Using only the entries below, output the lines starting at the one containing "BURGER ANARCHY Køkkenplanlægning" and ending at the one containing "365英国上市集团20165", exactly and inclusive of both, omitting the pictures.

**Records for processing:**
----------

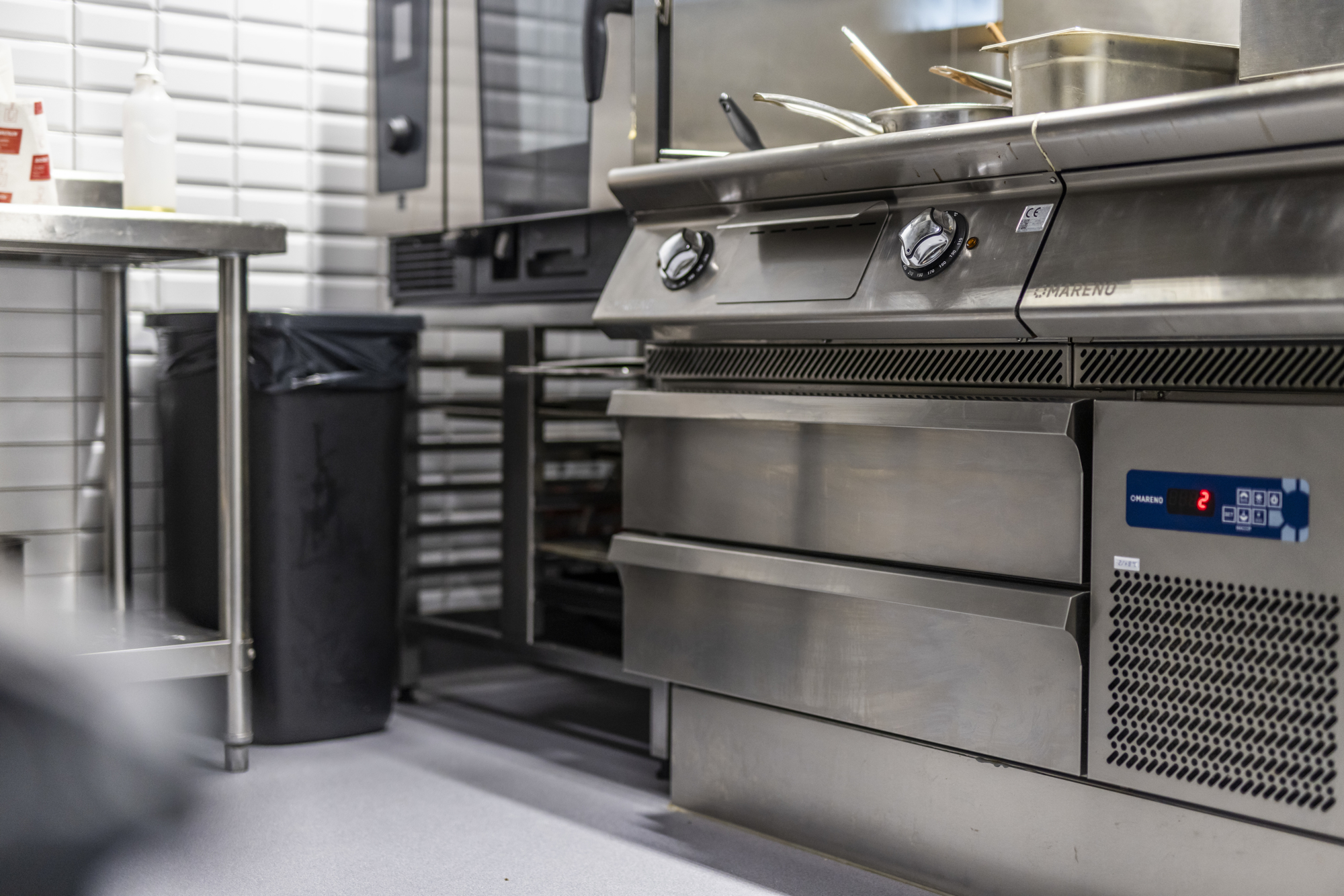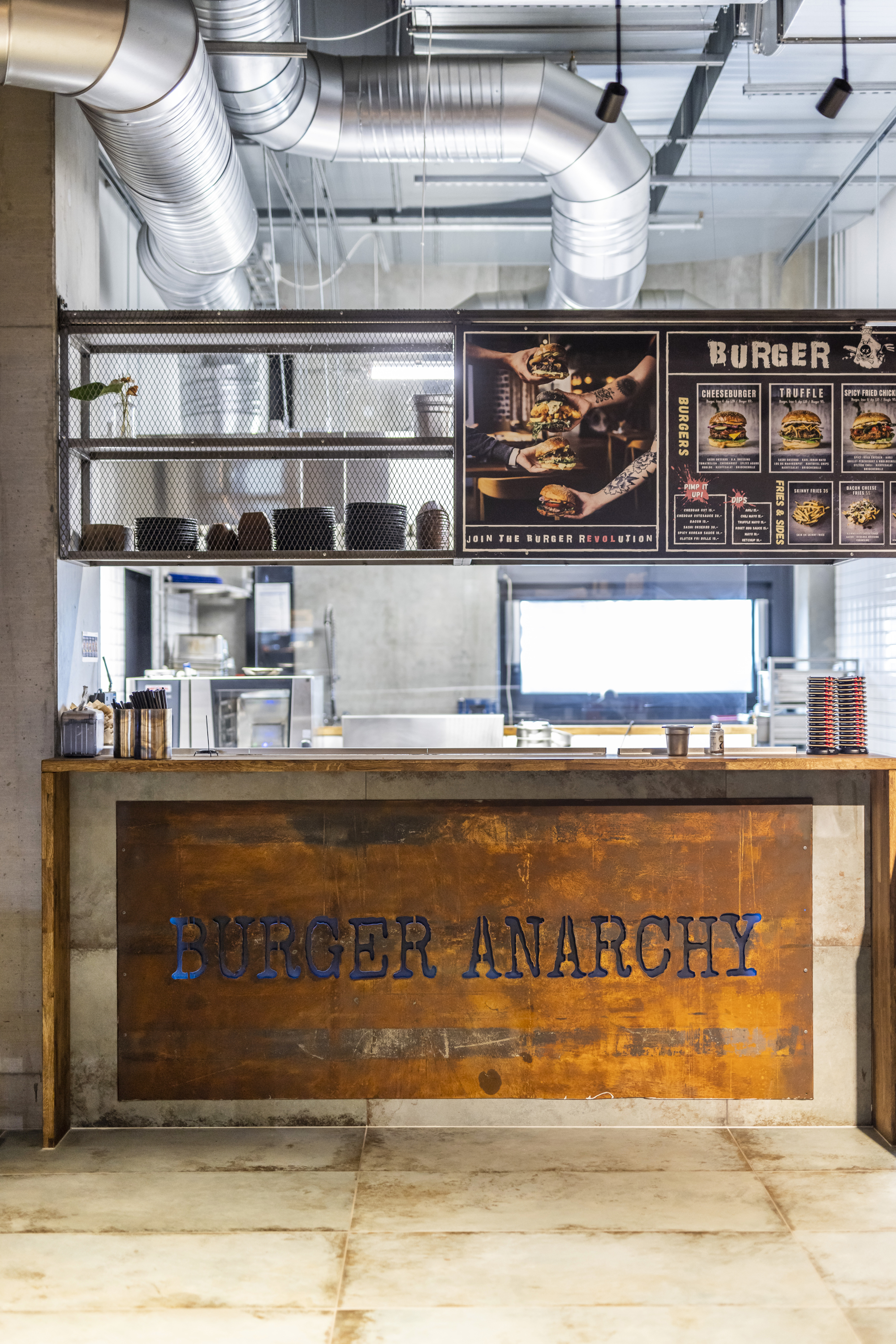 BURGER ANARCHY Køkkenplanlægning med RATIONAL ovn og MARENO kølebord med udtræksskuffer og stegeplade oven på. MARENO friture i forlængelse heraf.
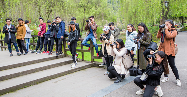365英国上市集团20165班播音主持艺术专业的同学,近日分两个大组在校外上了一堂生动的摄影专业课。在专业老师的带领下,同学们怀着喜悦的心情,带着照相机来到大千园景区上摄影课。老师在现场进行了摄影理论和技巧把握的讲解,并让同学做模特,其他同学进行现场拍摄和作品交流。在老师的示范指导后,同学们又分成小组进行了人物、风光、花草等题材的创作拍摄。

----------

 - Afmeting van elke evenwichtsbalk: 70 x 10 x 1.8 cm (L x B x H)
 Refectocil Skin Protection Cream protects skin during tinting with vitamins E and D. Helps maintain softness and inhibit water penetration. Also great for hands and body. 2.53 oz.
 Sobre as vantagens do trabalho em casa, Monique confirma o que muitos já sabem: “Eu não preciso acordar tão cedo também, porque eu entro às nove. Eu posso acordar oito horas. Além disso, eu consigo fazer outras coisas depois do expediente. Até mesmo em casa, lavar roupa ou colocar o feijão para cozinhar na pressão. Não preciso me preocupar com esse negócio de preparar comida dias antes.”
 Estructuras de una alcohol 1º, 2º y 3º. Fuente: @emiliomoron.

----------

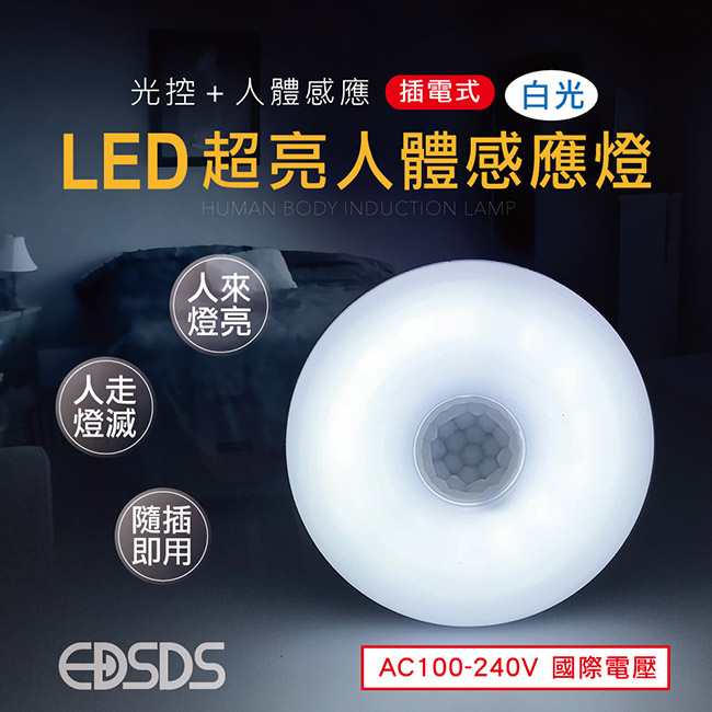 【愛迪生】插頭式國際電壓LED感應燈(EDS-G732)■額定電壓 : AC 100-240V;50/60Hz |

----------

**Exercise output:**
 BURGER ANARCHY Køkkenplanlægning med RATIONAL ovn og MARENO kølebord med udtræksskuffer og stegeplade oven på. MARENO friture i forlængelse heraf.
365英国上市集团20165班播音主持艺术专业的同学,近日分两个大组在校外上了一堂生动的摄影专业课。在专业老师的带领下,同学们怀着喜悦的心情,带着照相机来到大千园景区上摄影课。老师在现场进行了摄影理论和技巧把握的讲解,并让同学做模特,其他同学进行现场拍摄和作品交流。在老师的示范指导后,同学们又分成小组进行了人物、风光、花草等题材的创作拍摄。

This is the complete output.